WORK INSTRUCTION: Write out only the lines from the top of the listing below through the one with "Armengol rep el", exactly as they stand, while keeping pictures out of the copy.

DATA:
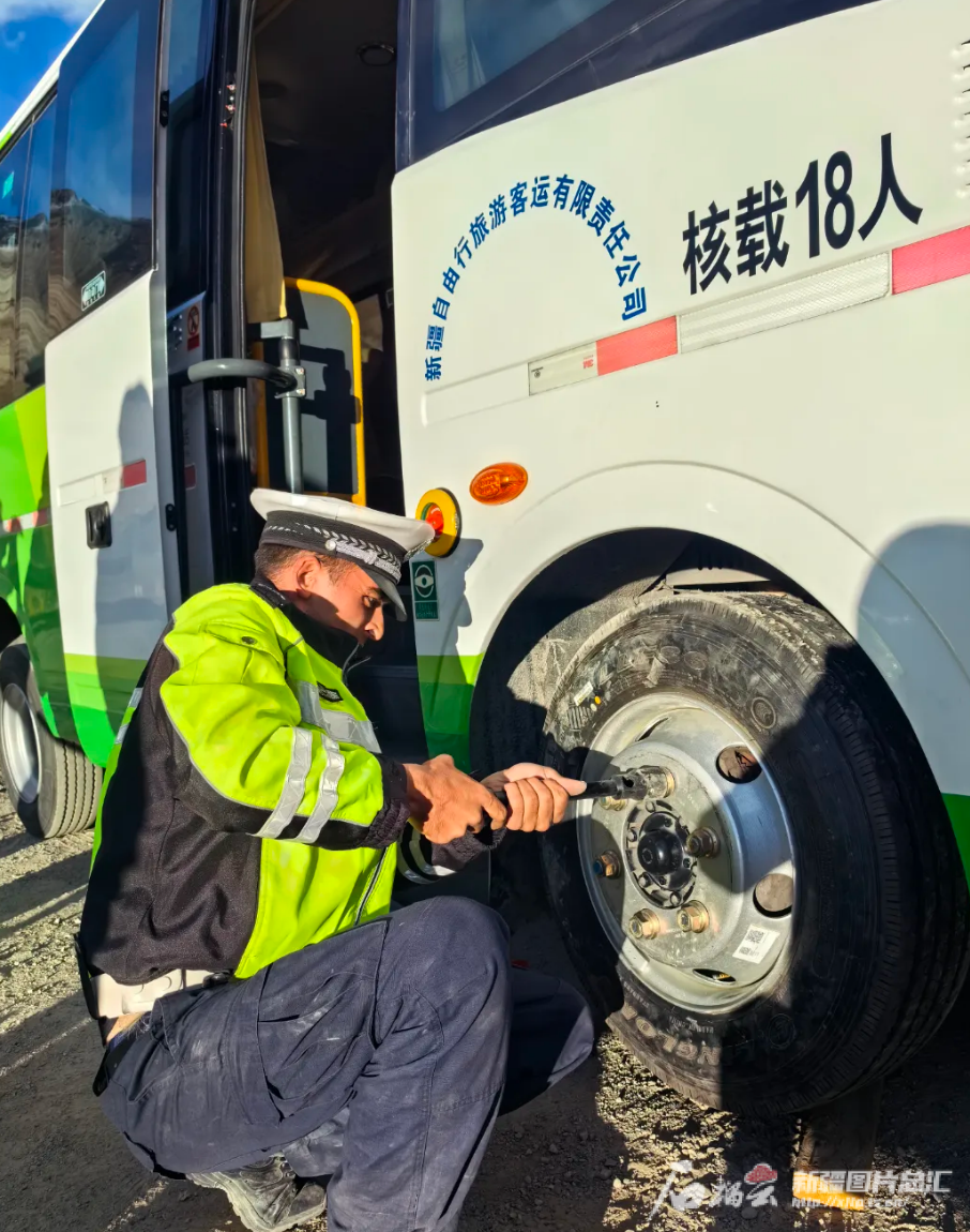 10月4日18时30分,参观完红其拉甫国门景区后,大家集合返程。当日,老人们要住在塔县县城,从红其拉甫国门景区返回住处有两个多小时的车程。当大家乘坐区间车来到停车场时,却看到司机师傅正在气喘吁吁地换轮胎。原来,他们下车后,司机检查车况,发现车的右前轮胎被尖锐物刺破了。司机拿出备胎准备换胎,发现随车的是一个轿车用的千斤顶,高度不够,破损的轮胎取不下来,新胎也就装不上去。
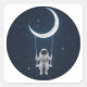 Spaß im Weltraum - Astronaut schwingt auf dem Mond Quadratischer Aufkleber
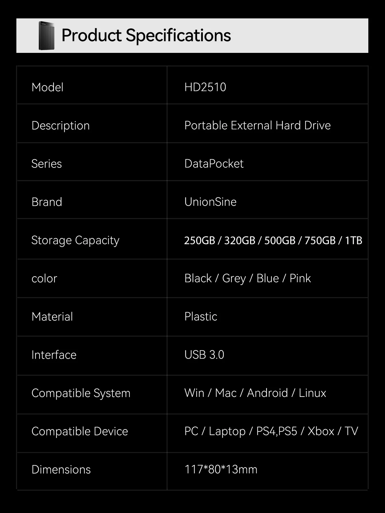 Since its launch, the UnionSine HD2510 external hard drive has sold over 100,000 units across multiple platforms, earning widespread praise from users worldwide.
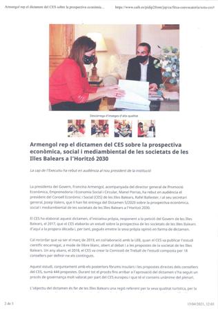 Armengol rep el dictamen del CES sobre la prospectiva econòmica, social i mediambiental de les societats de les Illes Balears a l’Horitzó 2030
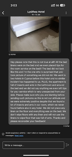 Read morePLEASE Avoid this place. It ruined part of our trip, and no guest should ever be treated this way. They are extremely rude and have never seen such an attitude before. First time to write a review but I’ll post screenshots to show how unprofessional they are!|1. We were falsely accused of using the bed linens to clean the floor, something we absolutely didn’t do. When we clearly said we didn’t do that, the manager didn’t believe us at all. We checked in late around 10 PM, left the room by 10 AM the next morning (or even earlier), and we left everything clean and untouched. Still, she acted like we were lying and kept pushing the story that the maid found the room in a bad condition. Instead of listening to what we said, she basically decided we were guilty without any proof. Why would I clean the floor with the linens that we will sleep and use in the same night? NOTING THAT WE LEFT MONEY ON THE BED FOR THE MAIDS AS A TIP BEFORE WE WENT OUT AND THEY TOOK THE TIPS! How the maids are accussing us of this while they took the tips? Isnt it weird?||2. She told us the maid will not clean the room and take it as it or leave it. When we went back we found our linen that we have left clean as it is and the room is clean. Then She kept changing her story. First, she said she told the maid not to touch anything in the room. Then later, she said the maid decided to clean it and had every right to do so. So which version is true? You can’t blame guests based on stories that keep shifting.||Instead of apologizing for the weong accusation, she insisted that we did something wrong!||3. We had ants in the room, but we didn’t complain because we arrived late at night and there is no one in the hotel, so we didn’t want to make a big deal out of it. But when we brought it up after being accused, she blamed us for the ants too, as if we somehow caused them. Are we seriously expected to believe ants showed up in the first few minutes of us entering the room, before we even ate or unpacked?||4. She also randomly assumed that we checked out early A WHOLE NIGHT. Why would she ask if we checked out early a whole night with all our belongings and bags in the hotel, even though we never said that?? And the stay was fully prepaid. Asking this question without any reason is really weird.||5. When we defended ourselves, she claimed our response was aggressive and said she would report us as “dangerous” guests. That was just a way to silence us. We never said anything threatening we were simply upset (with good reason) for being blamed for something we didn’t do. But she tried to twist our words to paint us as the problem.||The whole experience felt deeply unfair. I’ve never felt so judged and mistreated. Whether it was discrimination or just very unprofessional behavior, what happened here should not happen to any guest.||We were accused, not believed, treated unfairly, and then threatened when we stood up for ourselves. This hotel showed no respect, no accountability, and no interest...

RESULT OF THIS EXERCISE:
 10月4日18时30分,参观完红其拉甫国门景区后,大家集合返程。当日,老人们要住在塔县县城,从红其拉甫国门景区返回住处有两个多小时的车程。当大家乘坐区间车来到停车场时,却看到司机师傅正在气喘吁吁地换轮胎。原来,他们下车后,司机检查车况,发现车的右前轮胎被尖锐物刺破了。司机拿出备胎准备换胎,发现随车的是一个轿车用的千斤顶,高度不够,破损的轮胎取不下来,新胎也就装不上去。
 Spaß im Weltraum - Astronaut schwingt auf dem Mond Quadratischer Aufkleber
 Since its launch, the UnionSine HD2510 external hard drive has sold over 100,000 units across multiple platforms, earning widespread praise from users worldwide.
 Armengol rep el dictamen del CES sobre la prospectiva econòmica, social i mediambiental de les societats de les Illes Balears a l’Horitzó 2030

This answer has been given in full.